*** Opening Data segment ***

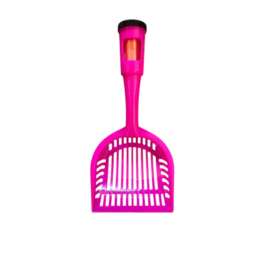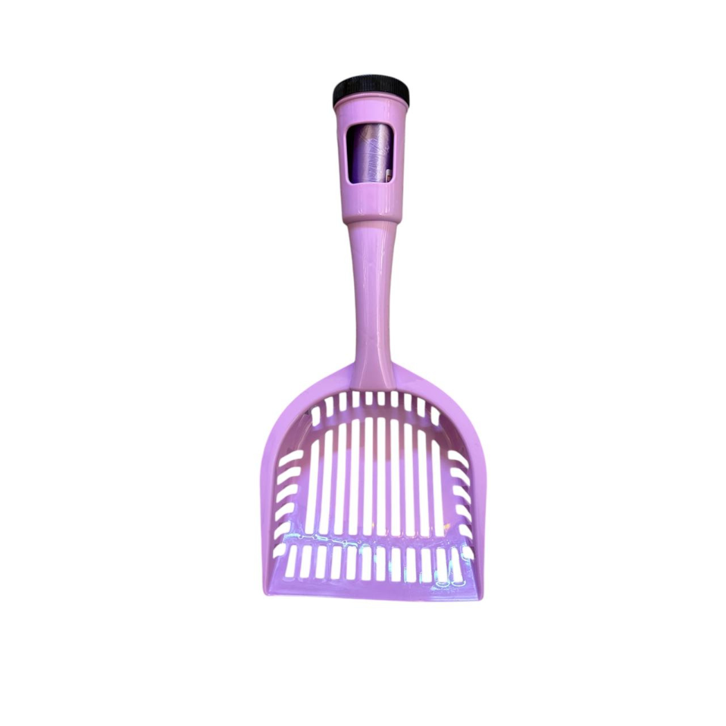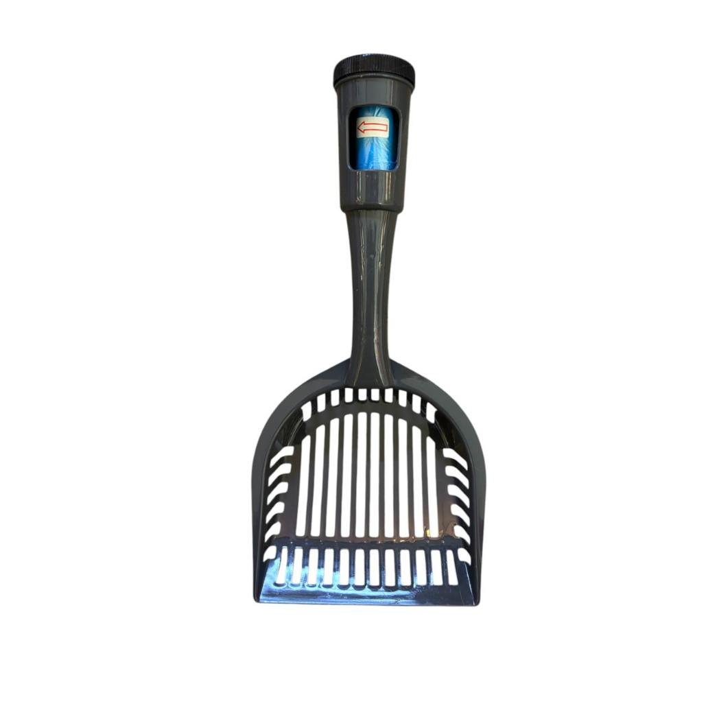 Haz la limpieza del arenero más rápida y cómoda con esta pala 2 en 1 con dispensador de bolsas integrado. Su diseño ergonómico y resistente facilita la recolección de residuos, manteniendo la higiene del arenero de tu gato sin complicaciones. ✨
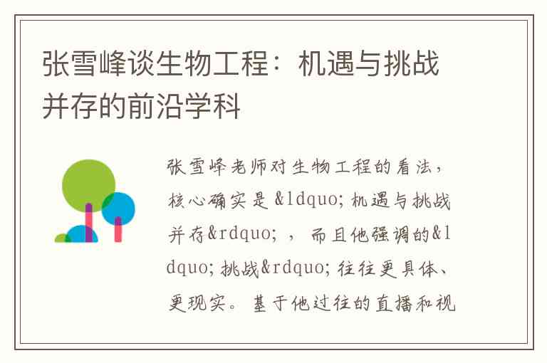 张雪峰老师对生物工程的看法,核心确实是 “机遇与挑战并存” ,而且他强调的“挑战”往往更具体、更现实。基于他过往的直播和视频观点,可以总结为以下几点纯文字分析:
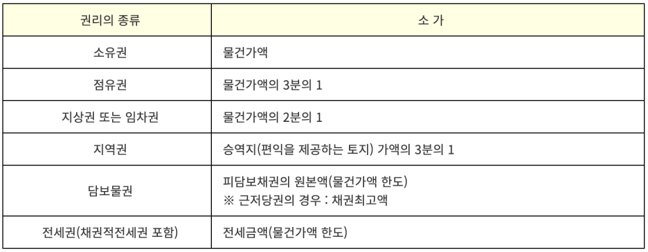 - 물건에 대한 권리의 가액 산정방법(‘민사사송 등 인지규칙’ 제10조)

*** Closing Data segment ***

Aim of the task:
All of the material above is to be retyped exactly, with no pictures included.

Task response:
 Haz la limpieza del arenero más rápida y cómoda con esta pala 2 en 1 con dispensador de bolsas integrado. Su diseño ergonómico y resistente facilita la recolección de residuos, manteniendo la higiene del arenero de tu gato sin complicaciones. ✨
 张雪峰老师对生物工程的看法,核心确实是 “机遇与挑战并存” ,而且他强调的“挑战”往往更具体、更现实。基于他过往的直播和视频观点,可以总结为以下几点纯文字分析:
 - 물건에 대한 권리의 가액 산정방법(‘민사사송 등 인지규칙’ 제10조)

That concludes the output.